Similarly to Galileo himself, the reach of midPoint 3.9 is surprisingly broad. There are significant user interface improvements, improvements to security (especially multi-tenant authorizations), major improvements to internal provisioning mechanism and a large selection of smaller improvements. There are several major improvements to the midPoint ecosystem: significant improvements to connector framework, major release of LDAP connector, new GUI testing framework, containerization improvements and so on. MidPoint 3.9 is yet another major milestone on a midPoint journey.

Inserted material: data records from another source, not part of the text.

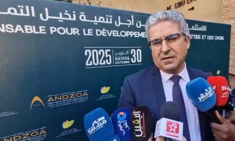 وأوضح الريفي على هامش فعاليات الدورة الرابعة عشرة للمعرض الدولي للتمور بأرفود، أن المديرية الجهوية للفلاحة بالجهة ضمن قامت بمجموعة من المبادرات العملية لمواجهة هذا التحدي، من بينها إنجاز سدود تحويلية، ومنشآت لتطعيم الفرشة المائية، بالإضافة إلى إنشاء عتبات وقرح مائية، تهدف جميعها إلى التخفيف من آثار الإجهاد المائي وحماية المنظومة الفلاحية في الجهة.
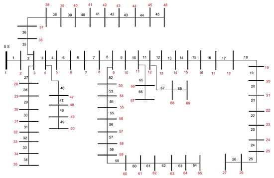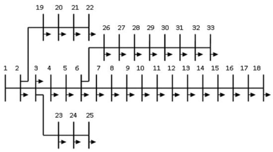 IEEE 33-bus and 69-bus radial distribution systems are shown in Figure 6 and Figure 7. The voltage constraints of the systems are between 0.95 (p.u) and 1.05 (p.u).
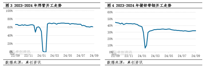 从带钢的主要下游焊管和镀锌带钢来看,三季度国内焊管与镀锌带钢开工率整体呈现震荡偏弱态势,生产企业开工负荷率不高,截至9月底,焊管开工率在60.94%,较7月初下降7.23个百分点,镀锌带钢开工率在31.96%,较7月初下降0.55个百分点。7-8月高温多雨频繁,制约终端项目开工,此外钢市价格表现偏弱,业内对市场信心不足,需求端呈现偏弱态势,对带钢采购意向下降,9月随着国内外一系列政策释放提振,以及终端开工提升,需求端阶段性释放。据卓创初步测算,三季度国内带钢市场月消费量先降后增,总消费量在1535万吨左右,较二季度下降10.23%。
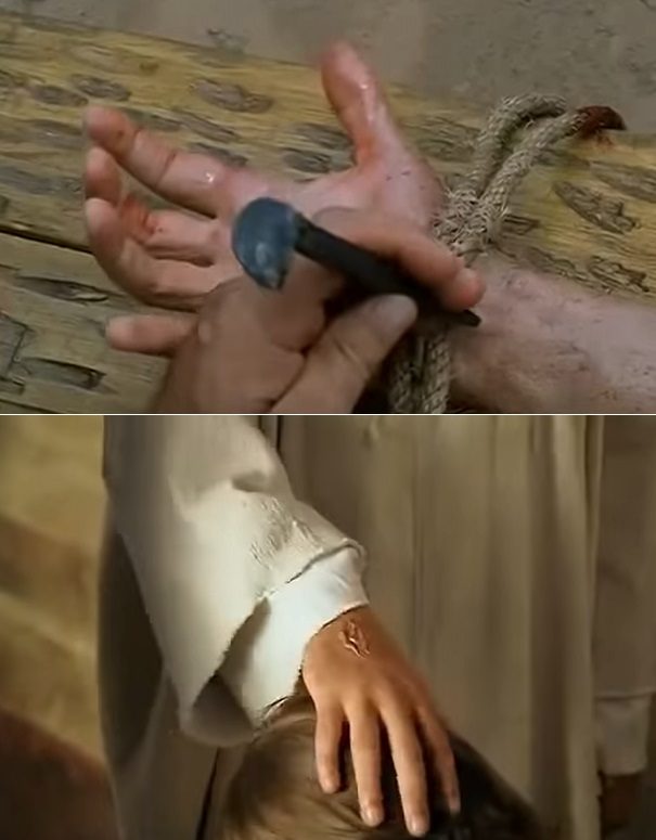 Dwuczęściowy film telewizyjny oparty na czterech Ewangeliach skupia się na ludzkim aspekcie postaci Jezusa, stawiając go często w luźnych, przyziemnych sytuacjach typu tańce na weselu. Oglądamy życie, śmierć i zmartwychwstanie Chrystusa – tego ostatniego tyczy się omawiana wpadka. Podczas ukrzyżowania gwoździe wbijane są w nadgarstki Jezusa (swoją drogą, z jakiegoś powodu w tej wersji krzyżuje go przypadkowy Żyd, a nie Rzymianin).
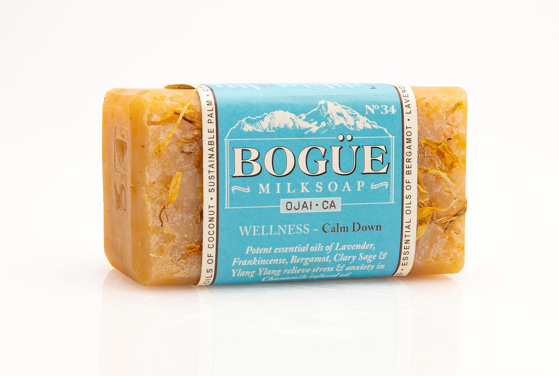 Handmade Goat Milk Soap set of 2 bars- BOGUE No.34 WELLNESS Calm Down blend with essential oils of Lavender, Frankincense, Clary Sage & Calming Chamomile to help reduce stress

midPoint 3.9 provides following features:

Changes With Respect to Version 3.9

  • Performance improvements

  • Support for activation in assignmentTargetSearch expressions

  • Allow abstract types to be part of focus/target specification for global policy rules

  • Numerous bugfixes

Changes With Respect to Version 3.8

  • User interface improvements

    • Improved assignment/inducement target selection popup

    • Additional registration form based on object lifecycle

    • Form validation expressions

    • New system configuration page

    • Custom actions for object lists ("user" tasks that can be launched from GUI)

    • Custom pre-registration form

    • Shopping cart improvements

    • Organization tree page performance improvements

    • Miscellaneous user experience improvements

  • Governance improvements

    • Certification campaigns can be run only for non-decided cases

    • Improved certification and workitems reports

  • Customization Improvements

  • Security improvements

  • Provisioning

    • Full use of improved ConnId framework (

    • Minor improvements to connector paging support

    • Full support for capabilities per object type

    • Major update of consistency mechanism

  • Connectors

    • Support for native timestamps in ConnId framework, LDAP and Active Directory connectors.

    • Full support for ConnId updateDelta() operation in LDAP and AD connectors.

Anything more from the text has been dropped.